Subject:  Re: So about Verizon Date:  12/11/2012  1:15 AM
Author:  WendyBG Number:  40838 of 42250

<What's interesting here, and what's affecting all the charts with a similar pattern, is the 2000 bubble. The whole bubble, from the 1997 start of the run-up, is still included in those charts, making the starting prices suddenly out of whack.

I think that, at least for the next few years as the 16 year charts continue to begin in the midst of the bubble, you'll see patterns that aren't so useful.>

Sorry for the long delay, but I haven't been frequenting this board weekly as I did when Jack Cade published the Mr. Goodbuy stock screen.

When Build'M'Well (BMW) began his stock investing (so he told the story), he used the rulers and curves that all engineers owned before computer aided design. (My father had them, also.) BMW used his rulers to draw lines that seemed to make sense over the long term stock prices.

It was Dr. Mike Klein who used his deep math knowledge to draw curves and calculate CAGRs (for which we all owe him a debt of gratitude).

BMW himself said that admired Mike's math but he still used his rulers.

I agree with your observations that the 2000 stock bubble and the 2008 crash distorted the calculations of CAGR. It might make more sense to go back to BMW's method and draw your own curves with a ruler, using your feeling for how the market would realistically have valued stocks without these extreme swings.

As kelbon points out, the BMW Method only works if a company's business has been stable over the time period you are studying.
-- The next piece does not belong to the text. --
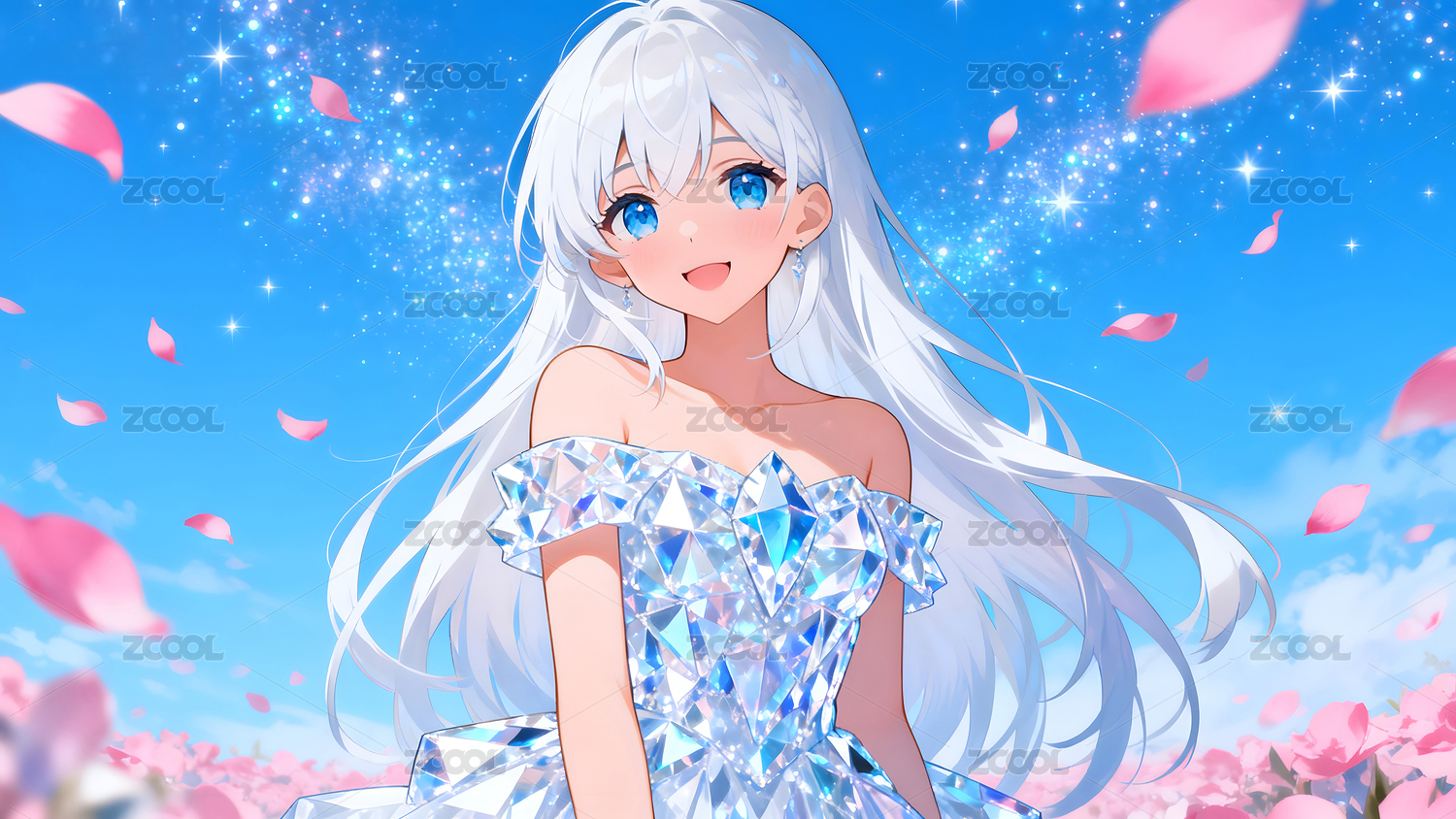 动漫,二次元,少女,唯美,樱花,春天,银发,裙子,角色,插画

In addition, the unusual actions of the Federal Reserve since the 2008 crash (forcing money into stocks by inflating the money supply and cutting bond yields to zero) may be causing stock prices to rise. If and when the market is allowed to revert to normal, prices may drop. The lowest risk is probably with low-beta stocks with strong balance sheets, low P/E ratios and a well-covered dividend.